Think, rather, of Liam Neeson shouting “Release the Kraken,” or playing the lead in The A-Team. Seeing a trailer for The A-Team and realizing that it’s Liam Neeson, Liam fucking Neeson, stepping into the shoes of George Peppard, in a remake of a crappy TVshow decades old, is a downer that may last entirely all the way through the main feature that follows. That’s a Fraser.

But even that’s not the worst of all possible Frasers, as you can cheer yourself by remembering that it really hasn’t been all that long since Neeson’s last good movie and probably won’t be all that long before his next one. A pure Fraser, of the sort that can bother you all day, only increases from repetition, from the realization that the beloved performer who just gave you a Frazier is the same beloved performer who’s been giving you Frasers for years on end.

To wit: almost every trailer for every new movie starring Robin Williams now prompts a Fraser.

As does almost every trailer for every new movie starring Steve Martin.

As does almost every trailer for every new movie starring John Travolta.

See? The Fraser. I think it’s a useful addition to our critical vocabulary.

Upcoming Remake Chronicles will include To Be Or Not To Be, The Wizard Of Oz, House of Wax, Wages of Fear / Sorcerer, The Front Page, Dawn Of the Dead, and the disasters that befell two ships called The Poseidon.

  1. Sean P. Fodera says:

    An interesting concept, though sometimes hard to identify. Take Steve Martin, for instance. Here’s a guy who was previously great fun in movies, showing up in the trailer for CHEAPER BY THE DOZEN (hey, whaddya know? A remake!) at a time when I had small children who were too young for THE JERK or ROXANNE, but could get a decent intro to the Wild-And-Crazy-Guy in a family-friendly flick.
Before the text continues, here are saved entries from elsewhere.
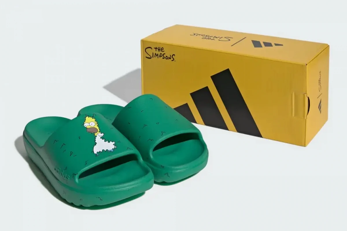 Обувь выполнена в  зеленой палитре, ассоциирующейся с травой, на ней разместили изображение Гомера. Это забавный и удобный вариант шлепанцев для поклонников серии, отмечает Hypebeast.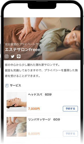 自分だけの予約サイトが完成いくつかの質問に答えて、お店のメニューを設定するだけで、あっという間にオリジナルサイトが完成!スマホひとつで、かんたんにネット予約をはじめられます。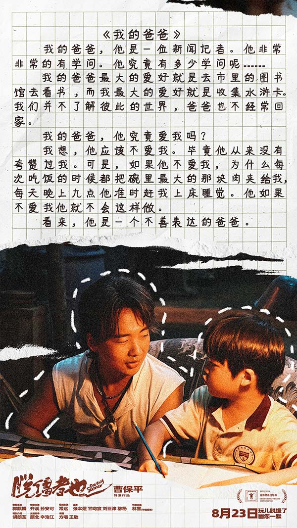 电影《脱缰者也》此次发布的预告以马飞(郭麒麟 饰)教外甥李嘉文(胡朗荃 饰)写题为《我的爸爸》的作文为切入点。起初马飞还在描述着李嘉文的爸爸,说着说着却不自觉地代入了自己的父亲。在他眼里,父子二人如同生活在两个世界,彼此缺乏了解,也从未表达过爱意。他清楚自己和父亲始终存在着隔阂,也道出了一直藏在心中的困惑:“我的爸爸究竟爱我吗?”而随着马飞讲述的推进,马家其他成员——马飞的二姐(齐溪 饰)、二姐夫(常远 饰)、大姐夫(刘亚津 饰)和大姐(柳杨 饰)对父子之间纠葛的复杂态度逐渐展现。二姐拿出的“亲子关系断绝书”,更是揭开了马飞与父亲之间无法调和的矛盾,也留下了诸多悬念:马家究竟发生了什么?马飞为何会被亲人送进少管所?“老舅绑外甥”的事故又将如何收场?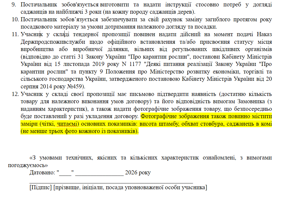 При цьому ще на етапі подання тендерної пропозиції замовник вимагає надати не менше трьох фотографій дерев із чіткими замірами, зокрема обов'язково зафіксувати саджанець вже у сформованому комі ґрунту. Оскільки такі великі дерева зазвичай викопують безпосередньо перед транспортуванням для збереження їхньої життєздатності, ця вимога є технічно складною для тих розсадників, чиї дерева зараз ростуть у полі, і надає перевагу тим постачальникам, які вже мають підготовлений або імпортований товар на своїх майданчиках.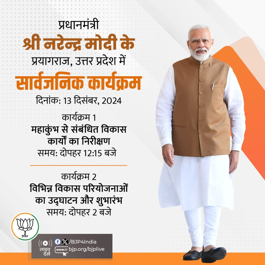 नई दिल्ली, 13 दिसंबर । प्रधानमंत्री नरेन्द्र मोदी आज उत्तर प्रदेश के प्रयागराज के दौरे पर पहुंच रहे हैं। इस दौरान वो महाकुंभ-2025 मेला क्षेत्र में की जा रही तैयारियों का निरीक्षण करेंगे। साथ ही 5500 करोड़ रुपये से अधिक की लागत वाली विकास परियोजनाओं का उद्घाटन करेंगे। भारतीय जनता पार्टी (भाजपा) ने प्रधानमंत्री मोदी के आज के इस कार्यक्रम की सूचना एक्स हैंडल पर साझा की है। भारत सरकार के पत्र एवं सूचना कार्यालय (पीआईबी) ने प्रधानमंत्री के प्रयागराज दौरे के कार्यक्रम की पूर्व संध्या पर जारी विज्ञप्ति में पूरा विवरण दिया है। पीआईबी की विज्ञप्ति के अनुसार, प्रधानमंत्री नरेन्द्र मोदी प्रयागराज में दोपहर करीब 12:15 बजे संगम में पूजा-अर्चना और दर्शन करेंगे। इसके बाद दोपहर करीब 12:40 बजे अक्षय वट वृक्षस्थल पर पूजा करेंगे। यहां से वो हनुमान मंदिर और सरस्वती कूप जाएंगे। दोपहर करीब 1:30 बजे वो महाकुंभ प्रदर्शनी स्थल का भ्रमण करेंगे। प्रधानमंत्री मोदी इसके बाद दोपहर करीब दो बजे प्रयागराज में लगभग 5500 करोड़ रुपये की लागत वाली कई विकास परियोजनाओं का उद्घाटन और शुभारंभ करेंगे।प्रधानमंत्री नरेन्द्र मोदी महाकुंभ 2025 के लिए विभिन्न परियोजनाओं का उद्घाटन करेंगे। इसमें प्रयागराज में आधारभूत सुविधाओं को बढ़ावा देने और निर्बाध संपर्क प्रदान करने के लिए 10 नए रोड ओवर ब्रिज (आरओबी) या फ्लाईओवर, स्थायी घाट और रिवरफ्रंट सड़कें जैसी विभिन्न रेल और सड़क परियोजनाएं शामिल होंगी।इसके बाद प्रधानमंत्री गंगा नदी की ओर जाने वाले छोटे नालों को रोकने, टैप करने, मोड़ने और उपचारित करने की परियोजनाओं का भी उद्घाटन करेंगे। इससे नदी में बिना उपचार वाले जल का गंगा नदी में पहुंचना पूरी तरह से रोक पाना सुनिश्चित होगा। वे पेयजल और बिजली से संबंधित विभिन्न इन्फ्रास्ट्रक्चर परियोजनाओं का भी उद्घाटन करेंगे।प्रधानमंत्री नरेन्द्र मोदी मंदिर के प्रमुख गलियारों का उद्घाटन करेंगे। इनमें भारद्वाज आश्रम गलियारा, श्रृंगवेरपुर धाम गलियारा, अक्षयवट गलियारा, हनुमान मंदिर गलियारा आदि शामिल हैं। इन परियोजनाओं से श्रद्धालुओं की पहुंच आसान होगी और आध्यात्मिक पर्यटन को भी बढ़ावा मिलेगा। साथ ही कुंभ सहायक चैटबॉट का भी शुभारंभ करेंगे। यह चैटबॉट महाकुंभ मेला 2025 के बारे में श्रद्धालुओं को मार्गदर्शन और कार्यक्रमों की नवीनतम जानकारी प्रदान करेगा।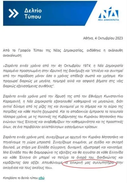 «Σαράντα εννέα χρόνια μετά την ίδρυσή της από τον Εθνάρχη Κωνσταντίνο Καραμανλή, η Νέα Δημοκρατία εξακολουθεί καθημερινά να μεγαλώνει» αναφέρει το ΔΤ για να συνεχίσει με αναφορά στον Κυριάκο Μητσοτάκη που όπως αναφέρει πηγαίνει τη χώρα μπροστά και εγγυάται «σε κάθε Ελληνίδα και κάθε Έλληνα ότι μπορεί να πετύχει τα όνειρά του, διεκδικώντας και κερδίζοντας όσα αξίζει». Και εκεί ακολουθούν τα… ειλικρινή συλλυπητήρια του κόμματος.
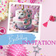 FUN UNICORNS KIDS BIRTHDAY LAYER CAKE ON THE FRONT OF THE CARD. COMPLETELY EDITABLE COPY ON THE BACK.

I don’t know if you consider CBTD the start of his slide into Fraserdom, or if you think that happened earlier, but in retrospect, that’s where I see him in retrospect starting his decline, although I was excited about the movie when it was announced. THE PINK PANTHER (REMAKE!) was just another step down for him.

    As for Liam Neeson, I guess it’s all a matter of taste. I can’t stand him, and greatly enjoy seeing him get killed in movies when he appears (all praise George Lucas for killing Qui Gonn, and Batman for doing in Ducard). Then he does something like TAKEN, and I can’t take my eyes off the screen, he’s so good in it. I’m still avoiding A-TEAM and CLASH OF THE TITANS for reasons that include (but are not limited) to Neeson. As far as I’m concerned, Neeson’s never been worth my ticket or rental dollars, so I don’t get Fraser moments from his trailers.
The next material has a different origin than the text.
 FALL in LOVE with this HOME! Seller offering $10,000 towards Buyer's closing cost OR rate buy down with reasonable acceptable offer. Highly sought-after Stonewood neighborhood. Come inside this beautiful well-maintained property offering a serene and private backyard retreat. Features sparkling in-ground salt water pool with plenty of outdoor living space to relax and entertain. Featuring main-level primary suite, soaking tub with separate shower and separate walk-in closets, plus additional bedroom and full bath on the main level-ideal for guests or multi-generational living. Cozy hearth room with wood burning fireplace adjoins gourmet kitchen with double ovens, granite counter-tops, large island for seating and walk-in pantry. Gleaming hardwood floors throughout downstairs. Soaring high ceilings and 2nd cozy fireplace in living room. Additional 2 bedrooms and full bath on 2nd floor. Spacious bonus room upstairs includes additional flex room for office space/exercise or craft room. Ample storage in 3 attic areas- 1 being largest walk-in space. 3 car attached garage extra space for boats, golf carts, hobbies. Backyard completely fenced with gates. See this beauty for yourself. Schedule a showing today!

    Best of luck with the blog. Interesting stuff to consider here, plus the fact that I’ll end up with some new ‘must-sees’ for my viewing pleasure.
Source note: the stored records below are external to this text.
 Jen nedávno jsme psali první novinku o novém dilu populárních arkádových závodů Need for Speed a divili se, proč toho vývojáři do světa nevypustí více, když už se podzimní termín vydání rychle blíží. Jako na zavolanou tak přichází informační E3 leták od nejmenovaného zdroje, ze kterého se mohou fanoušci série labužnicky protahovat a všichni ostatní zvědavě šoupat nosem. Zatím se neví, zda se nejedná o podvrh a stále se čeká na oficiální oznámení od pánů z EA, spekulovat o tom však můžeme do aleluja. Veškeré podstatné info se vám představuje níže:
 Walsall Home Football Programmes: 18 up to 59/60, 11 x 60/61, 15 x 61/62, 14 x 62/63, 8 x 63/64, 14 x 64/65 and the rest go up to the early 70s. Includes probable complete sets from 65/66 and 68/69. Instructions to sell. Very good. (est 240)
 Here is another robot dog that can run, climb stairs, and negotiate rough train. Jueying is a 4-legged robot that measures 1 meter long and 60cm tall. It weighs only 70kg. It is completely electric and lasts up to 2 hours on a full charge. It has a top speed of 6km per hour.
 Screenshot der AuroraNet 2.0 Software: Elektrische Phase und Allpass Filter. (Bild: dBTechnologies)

  2. Curious. Have you ever seen Neeson in SCHINDLER’S LIST or KINSEY or any of his other grownup movies?

    • Sean P. Fodera says:

      I saw SCHINDLER’S LIST. As much as I did appreciate the movie (not really a movie I think I could call “enjoyable”), I found Neeson off-putting in the role. There is just something about the guy that doesn’t work for me. I never saw KINSEY.

  3. ATC says:

    That came off as snarkier than intended. I’m just asking.

  4. Russ Handelman says:

    When I saw the trailer for FURRY VENGEANCE, I thought, “Brendan Fraser has just become this generation’s Dean Jones.”

  5. The Tourist says:

    Thanks for this post, it is great

  6. Steven H Silver says:

    So is a Fraser related at all to a Gibson: The realization that a performer of genuine talent who has made great films in the past has allowed his/her private life to become so public and odious that it colors your feeling about any work he/she may appear in?

    • That would indeed be a related feeling.

      Very few careers can survive a “DeCaprio” — i.e. the initial feeling of disgust that comes when you see the face of an actor who has very recently performed in a film so ubiquitous that it saturated the market’s capacity for hype. After TITANIC, he went through a brief period where people were talking about “De-crappy-o.” He’s safely past it, though.